Note: Boosting is a machine learning method and cannot be interpreted as easily as typical linear model. It isn’t possible for example, to estimate some “universal” effect of a stadium being downtown, for example. Statistical models are often built for generalization. This model is not. You can think of it as a complicated model for reality that we are using to extrapolate—with no measure of uncertainty—to hypothetical scenarios that are not in reality. That is dangerous! But there is frankly no way a linear model would work well for this problem.
I relied heavily on Troy Hepper’s scraping and cleaning code to download 1990-2018 game data from baseball-reference.com. Troy added moving averages for runs scored and allowed and an indicator for whether a game is within a division. Troy used stadium capacity data manually compiled by Chris Leonard. I also added some new predictors:
Temperature by day: average daily temperature, low temperature, high temperature, heating degree days, and cooling degree days from the NOAA NCDC weather station closest to the stadium.
Average wind speed by day
Metro-area population by year, extrapolated to the 1990s
FiveThirtyEight Elo ratings (i.e., how good the team is), pitcher adjustments, and win probabilities by game
Lag-1 (previous year) winning percentage, playoff status, average attendance, and Wins Above Replacement for the best player on the team (a proxy for star power).
Stadium construction and renovation dates to calculate stadium age
I downloaded weather data using the rnoaa package. Despite being familiar with these data from EMI Consulting, I spent many hours identifying missing and incomplete data and then replacing it. For example, I had to duplicate 2007 data for Alameda since 2006 and 2011 data were missing. I used more than 14GB of hourly data to produce the daily weather dataset. The final dataset had 59,661 games and 165 predictors per game.

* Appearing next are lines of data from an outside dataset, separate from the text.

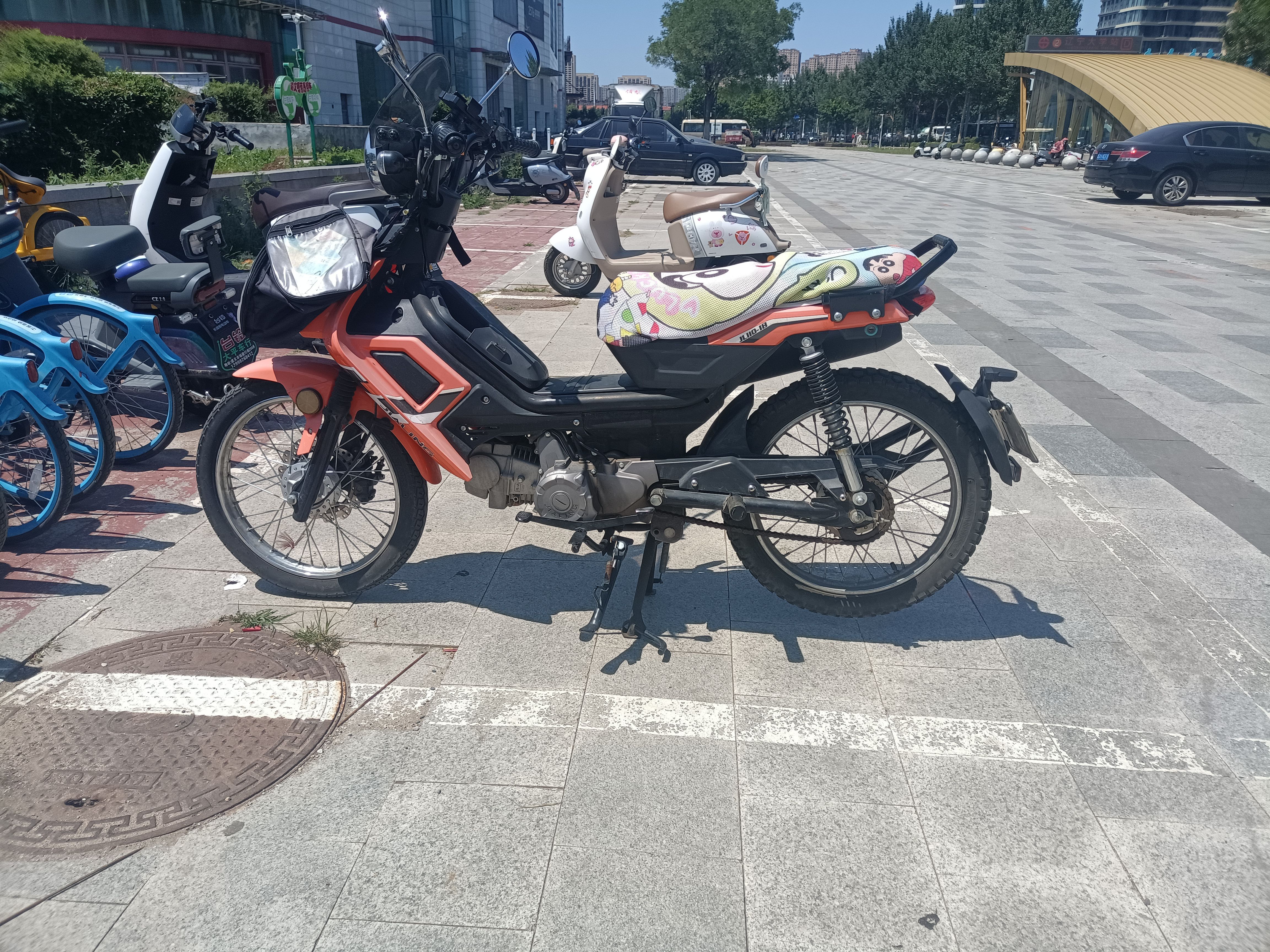 自己骑的个人一手嘉陵110,接娃买菜通勤非常方便,去年买的车,0.4万公里,新车一样,换车了忍痛出售,百公里2个油左右,超级省油,不到一辆电动车的钱,手续齐全,随时过户,无事故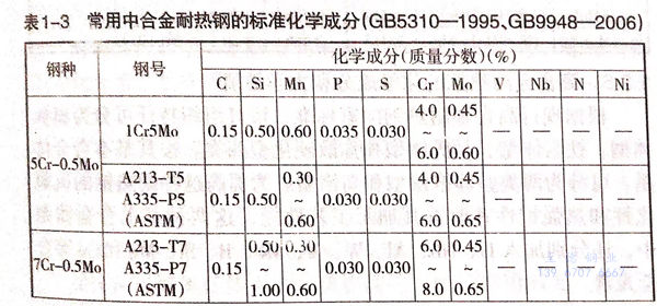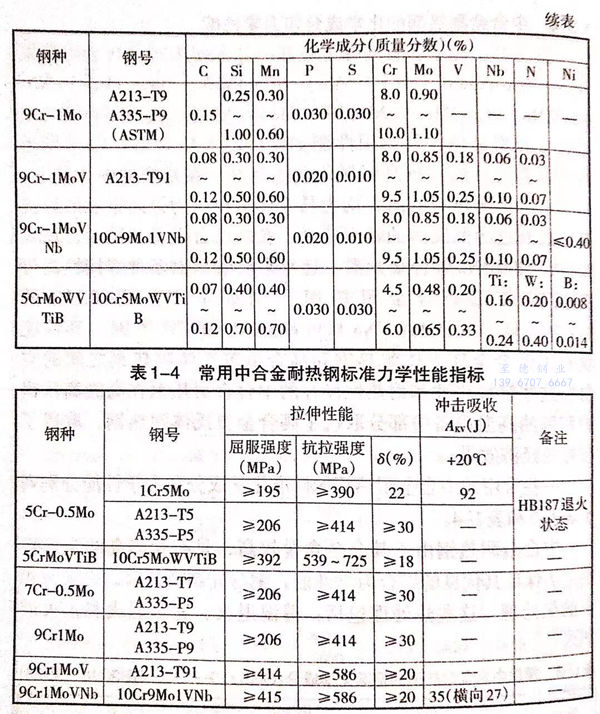 一些常用(yong)的中合金(jin)耐熱鋼的標準化學(xue)成分和(he)力學(xue)性能分別列于表1-3和(he)表1-4。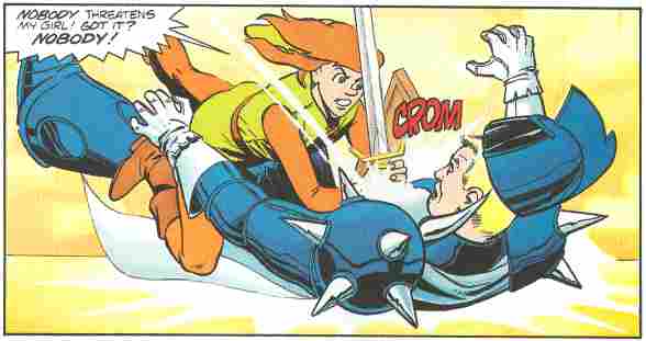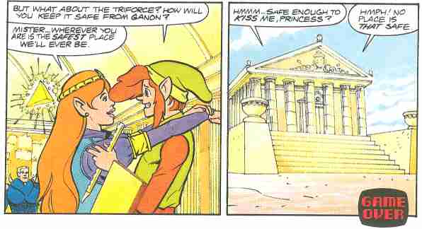 The Promoters: George Caragonne, Sir Rodney Ramos, Ken Lopez, P. Zorito and the Gradations (Again, Valiant’s “Nintendo Comic System” comics never told you who did what, and only had the credits on the side of the first page of that story. They also had two seperate stories per issue, with some comedy filler, and a two page set-up only during the first issue. However, if you’ve ever played the first two Zelda games, or saw the cartoon, you’re already up to speed.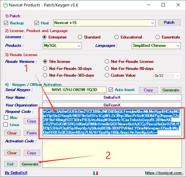 - 20. 回到注冊機,在注冊機下方紅框中粘貼上面復制的請求碼,之后點擊“Generate”

I also fit the data with LightGBM and assessed whether an ensemble of XGBoost and LightGBM improved predictions. It didn’t. I “one hot encoded” my categorical variables after seeing higher predictions for stadiums at the beginning of the alphabet… don't let anyone tell you it’s not necessary. Parameters were tuned with cross-validation. I achieved a model score of 0.854, which is akin to an R-squared value.
Lastly, I used game data from 2007-2015 to predict A’s attendance in a new ballpark. A huge part of the model is how good the team is, who they’re playing, the day of the week, etc. so it was necessary to use real game data. The time period was split in two so that 2007-2011 represented a new stadium opening when the team was bad and 2011-2015 represented a new stadium opening when the team was good. I included an autoregressive component so predictions were made one year at a time.
Let me know if you have any questions about this analysis. I will share some of the code on GitHub in the coming weeks.